ユニバーサルデザインな浴室
浴室づくりのポイント
1.寝室の近くに。
寝室と同じ階に。できるだけ移動距離を少なくしましょう。
2.一坪以上の広さなら先々も大丈夫
将来、介護が必要になったときのことを考えて、介護可能なスペースを確保しておくことが望ましいと言えます。
一坪タイプのユニットバス
スペースを取っておけば将来万が一のときにでも脱衣室、トイレと合わせて介護浴室を設けることもできます
3.手すりで「座る」「立つ」「またぐ」をサポート
浴室の出入り、洗い場での立ち座り、浴槽の出入り、浴槽内での立ち座り、姿勢保持が楽になります
4.通報設備を設置し、万一のときは家族に連絡
気分が悪くなったときなど、すぐに連絡できるように通報設備を設置。
設置しない場合も、配線や配管だけはしておきましょう。
通報設備
5.水栓・シャワーは操作しやすいタイプに。
湯水の出水・止水はもちろん、湯温調節もラクにできるものを、手が届きやすく安全な位置に取り付けます。
シャワーヘッドの横に切り替えボタンのあるタイプ
6.またぎやすい高さの浴槽に
床から浴槽の縁までの高さは350ミリ~450ミリが目安。
7.浅めの浴槽に
浴槽内の深さは500ミリ程度、深すぎると出入りしにくくなります。
長さは、ひざを曲げても端に足が届くくらいが適当です。
8.滑り止めのある浴槽に
浴槽の底面が滑りやすいと、出入りはもちろん、浸かっている時も危険。滑りにくい浴槽やマットを使いましょう。
9.洗面器置き台を使えば姿勢がラク
椅子を使う場合も身体を深くかがめなくてすみ、洗面器がラクに使えます。
洗面器置き台
10.段差のない引戸なら開けやすく、躓きにくい
有効幅600ミリ以上の引戸か折れ戸にします。外から開錠できるようにし、安全ガラスを使用すると安心です。
脱衣室との間は段差をなくします。
段差のない引戸
11.床は滑りにくい仕上に
湯水や石鹸を使う場所ですから、塗れていても滑りにくい仕上の湯かを選びます。
12.暖房設備を設置
急激な温度変化を避けるため、脱衣所も含めて暖房できるようにしておきましょう。
暖房乾燥機
床暖房
13.明るい照明に
浴室全体として、50lx~100lxの明るさを確保しましょう。
スイッチは押しやすい大型でほたる機能付のものを設置します。
大きいスイッチ
浴室設計ポイント
スペース
万一介護が必要になったときのことを考えて、1600ミリ×1600ミリのスペースを確保しましょう。

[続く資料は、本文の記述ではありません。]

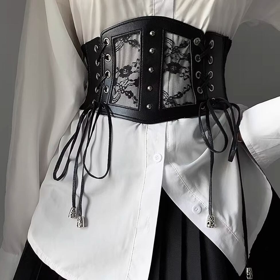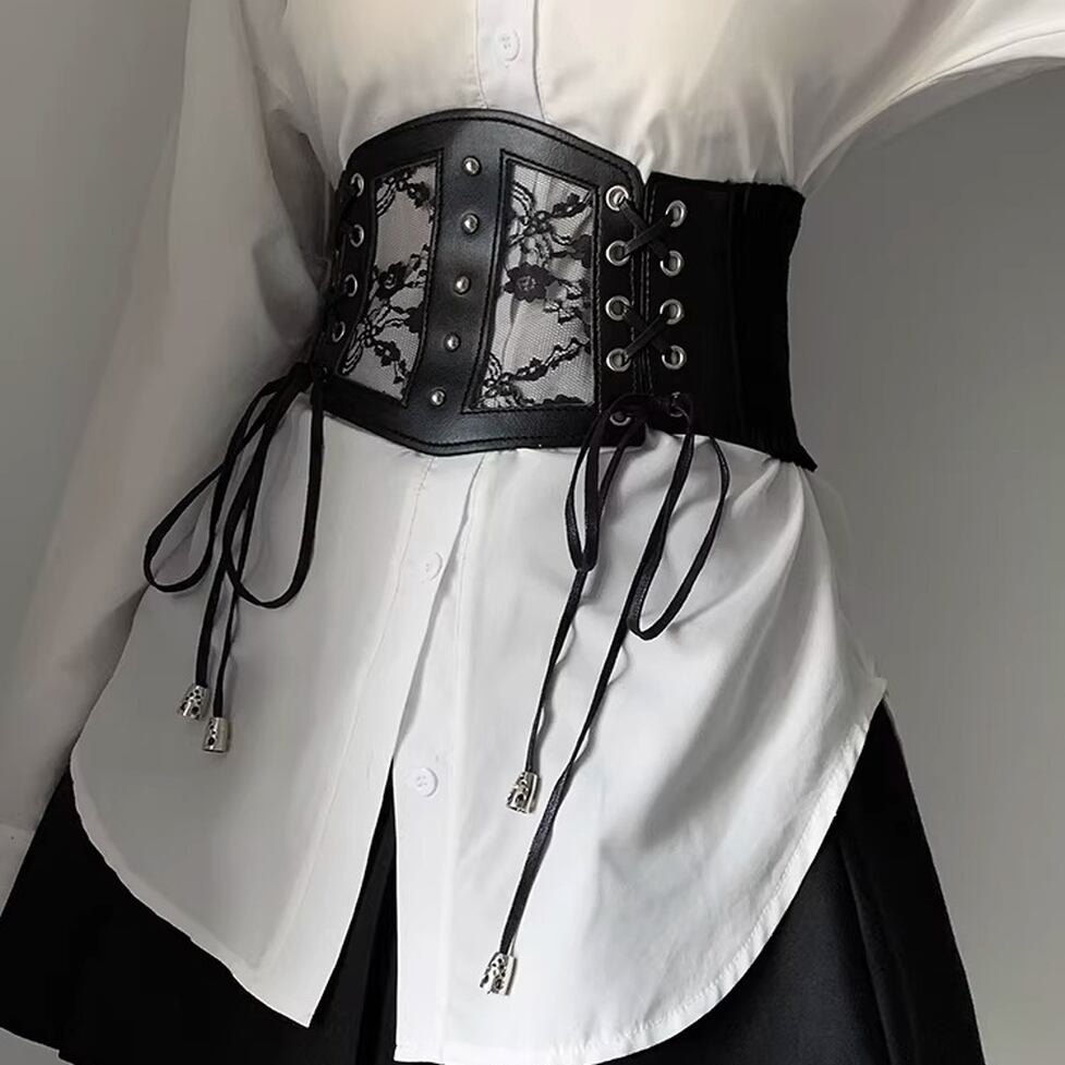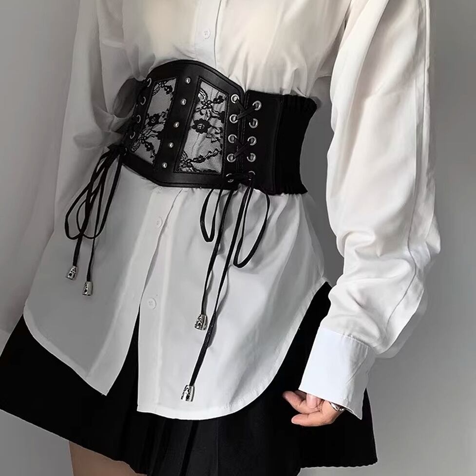 レース切り替えが映える、コルセット風のlace-upベルト。

(建設省長寿社会対応住宅設計指針では、短辺1300ミリ以上、面積2㎡以上を基本レベルとしています。)
浴槽エプロンの高さ
浴室エプロンの高さは、またぎやすく腰掛けやすいように、350~450ミリとします。(建設省長寿社会対応設計指針)
腰掛けスペース
腰掛けスペースは、座骨結節部が支持できる約200ミリ×200ミリのスペースが必要です。
浴槽スペース
浴槽の深さは、出入りのしやすさも考えて500ミリ程度が適当です。
浴槽の長さは、浴槽内に座り、ひざを少し曲げた状態でつま先が浴槽壁に届く程度が適当です。
開口幅
浴室への出入り口の幅は650ミリ以上にします。余裕を持って出入りするためには800ミリ以上を確保しましょう。
段差
浴室の出入り口は20ミリ以下の単純段差とし、洗い場の全面にスノコなどを敷き、できるだけ段差の解消に努めます。